As I have worked with Clowder for over a year now, I have some to appreciation the extractor pattern in its simplicity.  I start this post mentioning that, because I feel that what I am about to suggest MUST strive to continue that spirit of simplicity, even though it might sound complex.


Background

Having been involved in extractor creation, it didn't take long before I was faced with a situation where I wanted an extractor to behave in two different ways depending on context outside of the file(s) being processed.  The two different behaviors didn't really seem like two different extractors, but more like the same extractor with branching logic based on a parameter.  There are two situations that I encountered, but you have probably even more examples from your own experience.

1) Within a space an extractor needs to behave slightly differently on different invocations.  The extractor wrapped another application that took additional parameters and we needed to pass different parameters in different situations.

2) In one space we wanted an extractor to behave one way, in a separate space we wanted the extractor to behave slightly differently.  The differences were very minor, so the code was 99% the same.

In both of the above cases our only option was to create separate extractors. While not terrible, it really seems like it shouldn't be necessary to do that and if we could pass parameters to the extractors at runtime, then we could significantly extend the utility of an extractor to be even more flexible and powerful.


Proposal

Add the capability of passing parameters to extractors through a couple of different mechanisms that allow for various situations to be handled differently, giving the admins and users considerable flexibility.  The following is the approach that comes to my mind of how this might be best accomplished.  This is by no means prescriptive but only intended to help illustrate the concept. 

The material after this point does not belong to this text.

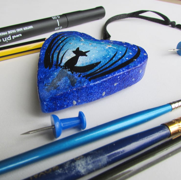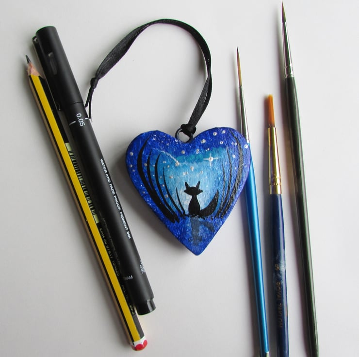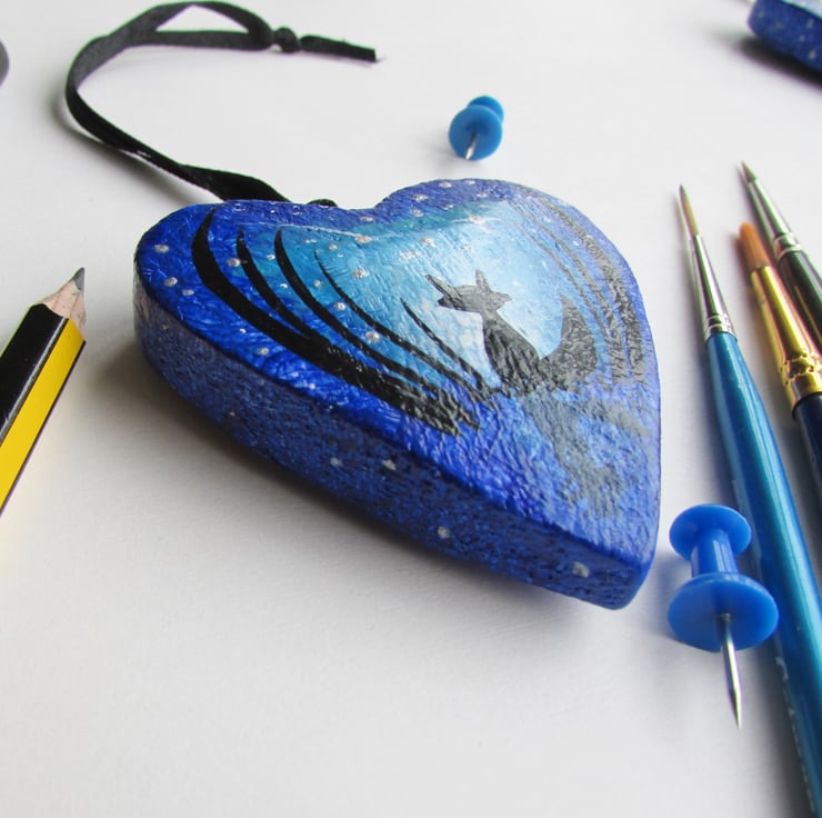 Fox in silhouette by Moonlight, Hanging Heart , blue wooden heart hand painted with a little Fox.
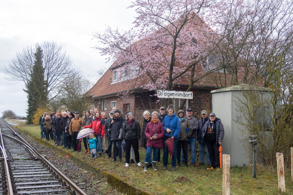 Auf Anregung der Betzendorfer Grünen-Fraktion trafen sich mehr als 30 Einwohner*innen trotz Wind und Regen aus Betzendorf, Drögennindorf, Glüsingen und Tellmer, um für die Einrichtung des Bahnhalts an der Kreisstraße zwischen Drögennindorf und Betzendorf zu stehen.

  1. Add the ability to have extractor registration include "Parameters".  Parameters should not be considered strongly typed.  Parameter registration should declare that name of the parameter and whether it is required (or optional).  
  2. The Instance level extractor description page should include these parameters in a list (optional whether it in the default view or requires you to access a link to get to) with the ability to provide and save a default value at the instance level.
  3. The Space level extractor description page should default from the instance level and allow for the Space administrators to change and save values at the Space level.
  4. (I hope this makes sense) At the dataset level, I propose that we use the existing metadata capability to allow for the creation on a type of metadata (type being controlled by URI not datatype) that designate the label/value pair as being for parameters.  If a value is stored against the correct metadata label then that value is intended to be used as input to the extractor that has a parameter with that name.
  5. Finally, to provide the lowest level of granularity on affecting extractor execution...if a metadata label exists (same metadata label referenced in #4) on a file being processed that value is intended to override all previous values and all parent levels.
  6. When an extractor execution is being processed and queued, have Clowder gather the available parameters starting at the Instance level and then walking down from there to Space level, Dataset level and finally File level.  Each level overrides the previous level if the parameter is provided (not blank).  This final set of parameters is package into a name/value pair object (probably JSON) and included in the payload to queue for the extractor submission.
  7. (Continuing #6) If a "required" (not optional) parameter is still missing after evaluating the available levels...AND... the extractor is being submitted by the user via the UI...prompt the user for the missing value.  If the extractor is being auto triggered or invoked via an API, then log an error and don't finish the extractor queueing.
  8. When an extractor is submitted via the API, the developer is allowed to provide a set of parameters via a JSON string (same as referenced in #7).  This does not rationalize the auto generated parameters with the developer provided parameters, it is an either/or.
  9. (Optional) Also, when the submission takes place the actual parameters that were used (rationalized and passed to the extractor) should be stored in the parameter metadata labels (see #4) to track for later reference which values where used when the extractor ran.  This would allow users to discover that one file was run with one set of parameters long after the execution occurred and defaults may have been changed, facilitating the ability to conditionally re-process some files with new parameters while skipping those that don't require it.


Please feel free to build/comment on any and all points/suggestions.


Thanks!

Dan